* What you will do: Extract each line from the entries below that has the string "based" in it.

* Data to process:
────────

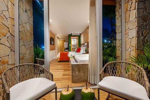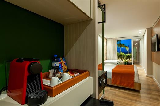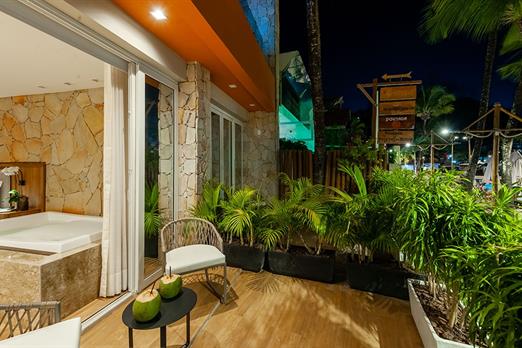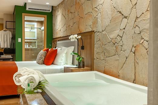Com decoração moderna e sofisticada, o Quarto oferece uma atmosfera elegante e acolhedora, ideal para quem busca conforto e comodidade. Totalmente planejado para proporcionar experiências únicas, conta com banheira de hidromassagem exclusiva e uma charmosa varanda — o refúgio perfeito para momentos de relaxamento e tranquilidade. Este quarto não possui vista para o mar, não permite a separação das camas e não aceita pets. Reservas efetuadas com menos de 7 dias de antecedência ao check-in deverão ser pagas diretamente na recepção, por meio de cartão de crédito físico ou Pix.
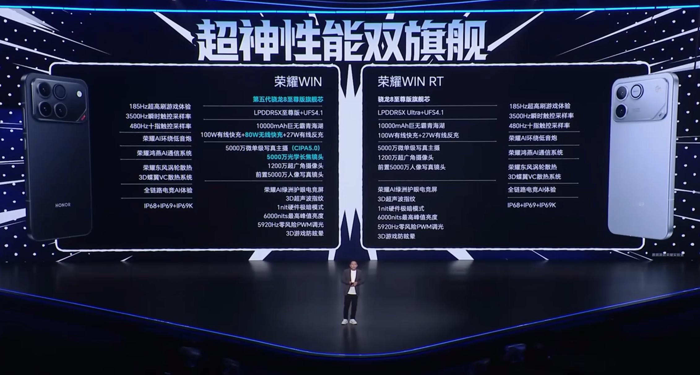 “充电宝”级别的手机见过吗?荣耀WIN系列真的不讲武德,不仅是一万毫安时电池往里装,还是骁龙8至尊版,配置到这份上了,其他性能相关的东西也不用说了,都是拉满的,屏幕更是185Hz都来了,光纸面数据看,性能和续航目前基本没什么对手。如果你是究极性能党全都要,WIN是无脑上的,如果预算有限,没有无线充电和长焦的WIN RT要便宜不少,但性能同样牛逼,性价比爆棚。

────────

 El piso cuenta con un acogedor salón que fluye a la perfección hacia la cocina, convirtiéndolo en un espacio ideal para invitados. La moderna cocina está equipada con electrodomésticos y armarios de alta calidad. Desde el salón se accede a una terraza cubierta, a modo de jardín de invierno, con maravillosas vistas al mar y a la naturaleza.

────────

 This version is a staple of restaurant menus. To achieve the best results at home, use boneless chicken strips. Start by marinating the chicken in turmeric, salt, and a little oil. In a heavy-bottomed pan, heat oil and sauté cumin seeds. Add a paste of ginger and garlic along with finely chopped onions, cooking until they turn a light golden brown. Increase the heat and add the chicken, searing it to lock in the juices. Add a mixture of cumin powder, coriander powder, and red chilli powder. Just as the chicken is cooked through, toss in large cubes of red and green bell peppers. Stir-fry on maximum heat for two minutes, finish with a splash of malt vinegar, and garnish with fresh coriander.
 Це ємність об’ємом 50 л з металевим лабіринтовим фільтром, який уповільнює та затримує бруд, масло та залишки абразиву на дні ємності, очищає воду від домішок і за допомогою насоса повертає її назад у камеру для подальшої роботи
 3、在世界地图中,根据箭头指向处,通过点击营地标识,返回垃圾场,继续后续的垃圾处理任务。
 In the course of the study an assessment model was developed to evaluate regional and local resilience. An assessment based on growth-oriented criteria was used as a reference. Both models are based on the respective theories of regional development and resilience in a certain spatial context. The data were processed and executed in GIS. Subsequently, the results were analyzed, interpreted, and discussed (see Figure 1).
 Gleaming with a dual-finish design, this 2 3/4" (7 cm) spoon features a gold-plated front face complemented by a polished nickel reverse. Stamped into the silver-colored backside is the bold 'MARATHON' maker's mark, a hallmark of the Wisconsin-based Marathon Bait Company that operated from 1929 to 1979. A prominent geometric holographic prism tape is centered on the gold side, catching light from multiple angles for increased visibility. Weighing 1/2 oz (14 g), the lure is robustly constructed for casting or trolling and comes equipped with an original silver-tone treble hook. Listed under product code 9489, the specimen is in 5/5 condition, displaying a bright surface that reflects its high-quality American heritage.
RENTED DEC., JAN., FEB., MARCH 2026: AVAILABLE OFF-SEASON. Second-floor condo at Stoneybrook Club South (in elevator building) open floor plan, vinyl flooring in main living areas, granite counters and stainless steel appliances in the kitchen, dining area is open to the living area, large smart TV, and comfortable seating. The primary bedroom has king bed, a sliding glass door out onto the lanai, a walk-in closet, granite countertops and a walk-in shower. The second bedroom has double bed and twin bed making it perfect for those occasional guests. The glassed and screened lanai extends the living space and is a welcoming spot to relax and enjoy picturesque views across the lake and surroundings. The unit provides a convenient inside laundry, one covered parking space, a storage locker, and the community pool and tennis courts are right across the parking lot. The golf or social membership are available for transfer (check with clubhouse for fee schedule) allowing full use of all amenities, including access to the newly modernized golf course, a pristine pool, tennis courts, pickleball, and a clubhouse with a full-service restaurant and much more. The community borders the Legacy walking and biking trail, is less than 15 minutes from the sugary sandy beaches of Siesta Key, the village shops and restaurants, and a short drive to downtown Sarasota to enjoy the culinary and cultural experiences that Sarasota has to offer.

────────

* Completed task:
 In the course of the study an assessment model was developed to evaluate regional and local resilience. An assessment based on growth-oriented criteria was used as a reference. Both models are based on the respective theories of regional development and resilience in a certain spatial context. The data were processed and executed in GIS. Subsequently, the results were analyzed, interpreted, and discussed (see Figure 1).
 Gleaming with a dual-finish design, this 2 3/4" (7 cm) spoon features a gold-plated front face complemented by a polished nickel reverse. Stamped into the silver-colored backside is the bold 'MARATHON' maker's mark, a hallmark of the Wisconsin-based Marathon Bait Company that operated from 1929 to 1979. A prominent geometric holographic prism tape is centered on the gold side, catching light from multiple angles for increased visibility. Weighing 1/2 oz (14 g), the lure is robustly constructed for casting or trolling and comes equipped with an original silver-tone treble hook. Listed under product code 9489, the specimen is in 5/5 condition, displaying a bright surface that reflects its high-quality American heritage.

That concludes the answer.